I'll give another (own) example later where one looks at growth processes (like interest) over time and the result for one time-period is feeded back for a new time-period equivalent to the result.(I'll have to make it a bit more explicite).
For the justification of tetration of non-integer heights it might suffice to imagine a stack of replications of the complex plane. Mark a complex-coordinate $z_0$ at the lowest plane. Go one step higher and mark the complex number $z_1$ where $z_1 = b^{z_0}$ (where b is some base which you have chosen in the beginning) in the second plane. Proceed with iterating that operation for several (or infinitely many) steps.
Now we can try to imagine a vertical curve through all that points $z_0,z_1,z_2,...$ - in the simplest way of interpolation the vertical curve has a spiral form with windings around a fixpoint (if an attracting complex fixpoint exists for our base b and reachable from your initial value $z_0$). Surely there are infinitely many such curves, but it does not seem illogical that one of such curves has the most meaningful interpretation as interpolation for noninteger, real heights of our operation.

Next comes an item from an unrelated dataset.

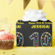 This fun birthday themed wrapping paper design features a large number "10" filled with a pattern of decorative star shapes having various colours and sizes, along with the message "Happy 10th Birthday,", and a custom name. The background is coloured black. Birthday themed wrapping paper like this might be a fun way to wrap a gift or present being given to celebrate somebody’s tenth birthday. [~Z0000429]

The imagination might possibly be improved, if we do not assume a staple of complex planes but having the planes rolled to cyclinders because of the periodicity of the exp-function for multiples of $ 2 \pi i $ - and possibly it is even better to imagine concentric spheres, whose surfaces represent the complex Riemann-sphere, and imagine then the connecting curves as trajectories of the real-values, continuous heights of iteration through the surfaces of the spheres.
The article of D. Kouznetsov (1) mentioned above contains an approach for interpolation to such real and even complex heights.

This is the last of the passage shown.